= Beginning of Section =

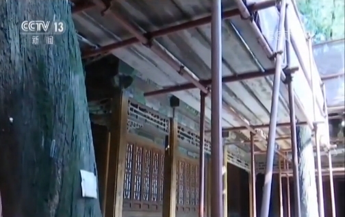 故宮博物院古建部楊紅說,支頂的過程中,大木構件它會稍微有一些歪閃或者晃動,有可能這些彩畫有一些剝落、剝離的這種現象,所以我們在這個擷芳亭大木加固之前、支頂之前,我們對彩畫這部分要對它進行預加固。
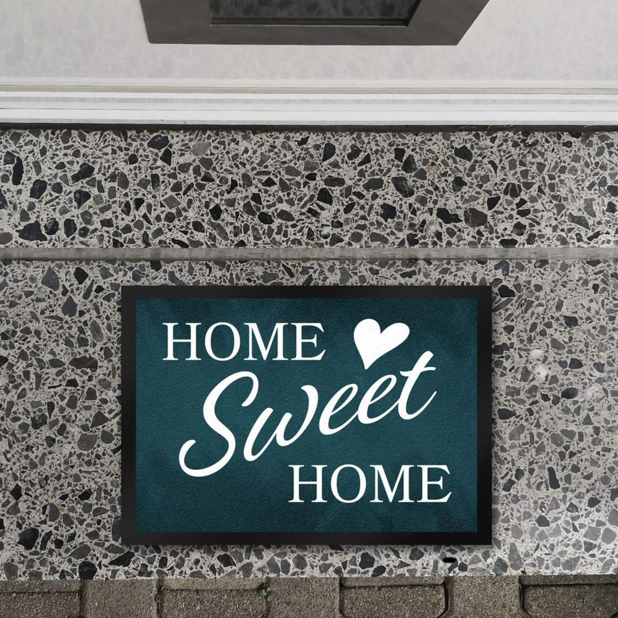 Home Sweet Home Fußmatte in 35x50 cm mit mintfarbenem Hintergrund
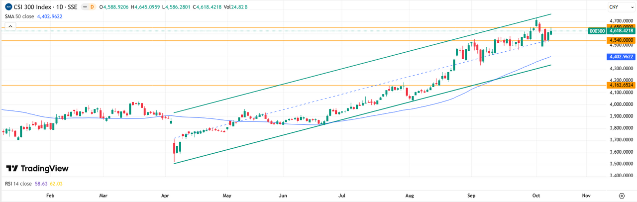В Китае Shanghai Composite подрос на 0,1%, Shenzhen Component снизился на 0,25% под влиянием эскалации торгового конфликта с США. Дональд Трамп подтвердил, что торговая война продолжается, однако Минфин США дал понять, что перемирие может быть продлено, если Китай откажется от новых экспортных ограничений на редкоземельные металлы. На корпоративном фронте технологический сектор в плюсе — акции компаний, связанных с AI и полупроводниками, поддержаны сильной отчетностью TSMC и спросом на «умные» чипы. Индекс CSI 300 подрос на 0,3% до 4620. Инвесторы ждут новых сигналов по экономической политике перед предстоящим пленумом ЦК КПК.

= End of Section =

* _EXERCISE PROMPT_
Repeat the listing word for word, but without its pictures.

* _ANSWER TO THE PROBLEM_
 故宮博物院古建部楊紅說,支頂的過程中,大木構件它會稍微有一些歪閃或者晃動,有可能這些彩畫有一些剝落、剝離的這種現象,所以我們在這個擷芳亭大木加固之前、支頂之前,我們對彩畫這部分要對它進行預加固。
 Home Sweet Home Fußmatte in 35x50 cm mit mintfarbenem Hintergrund
В Китае Shanghai Composite подрос на 0,1%, Shenzhen Component снизился на 0,25% под влиянием эскалации торгового конфликта с США. Дональд Трамп подтвердил, что торговая война продолжается, однако Минфин США дал понять, что перемирие может быть продлено, если Китай откажется от новых экспортных ограничений на редкоземельные металлы. На корпоративном фронте технологический сектор в плюсе — акции компаний, связанных с AI и полупроводниками, поддержаны сильной отчетностью TSMC и спросом на «умные» чипы. Индекс CSI 300 подрос на 0,3% до 4620. Инвесторы ждут новых сигналов по экономической политике перед предстоящим пленумом ЦК КПК.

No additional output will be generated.